*Required action:* Retype the line where "August 4th - Game Night" appears and each line that follows it down to the last line of the records below. Leave the pictures out.

*Material supplied:*
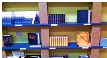
Come on inside to see the many selection of books, pamphlets, etc., that we have .
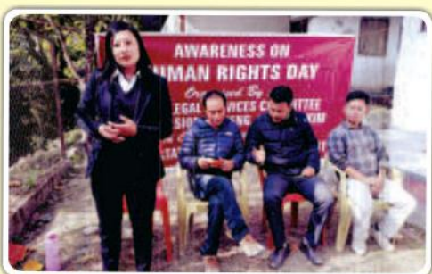
Upper Pakki Gaon, Soreng Sub-Division, West Sikkim
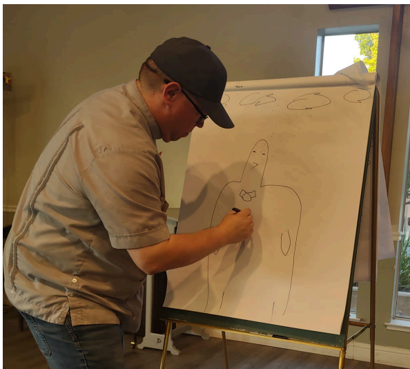
August 4th - Game Night
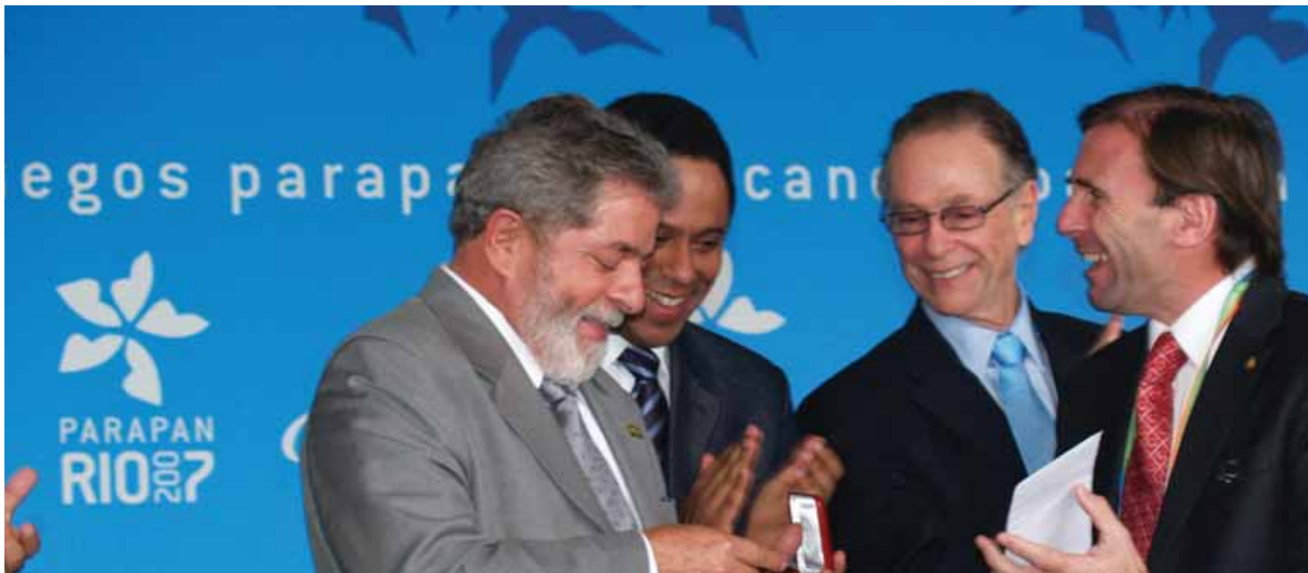
Brazilian President Lula receives Paralympic Honour
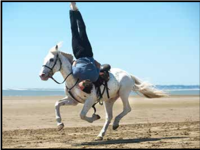
IN HARMONY, March 5, 7
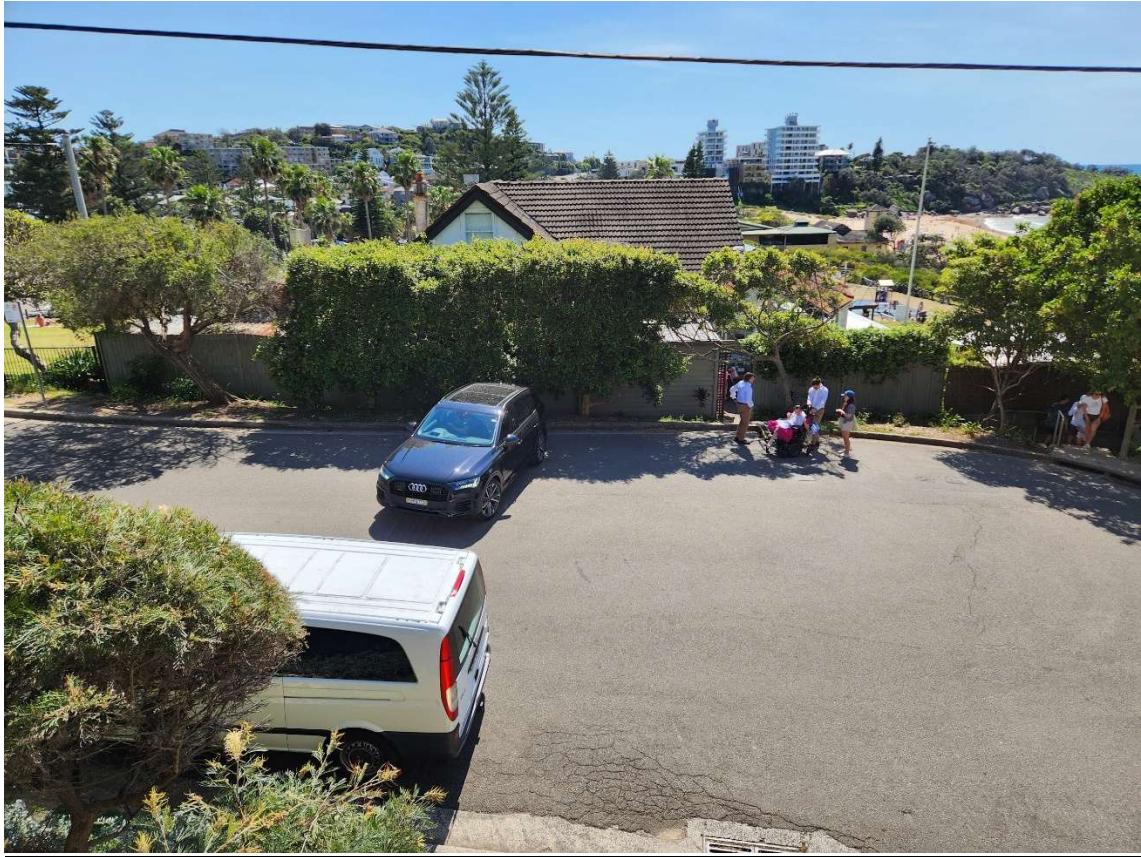
UNAUTHORISED AND USAFE USE OF GATE TO UNDERCLIFF ROAD
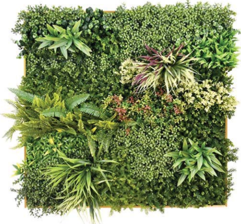
OD-AO74V204-BLOOMING SQUARE-100CM X 100CM $250
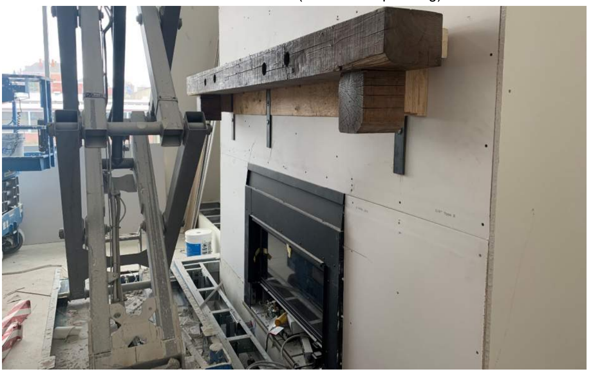
6/1/2021 - Media Center Fireplace Mantel

*Exercise response:*
August 4th - Game Night
Brazilian President Lula receives Paralympic Honour
IN HARMONY, March 5, 7
UNAUTHORISED AND USAFE USE OF GATE TO UNDERCLIFF ROAD
OD-AO74V204-BLOOMING SQUARE-100CM X 100CM $250
6/1/2021 - Media Center Fireplace Mantel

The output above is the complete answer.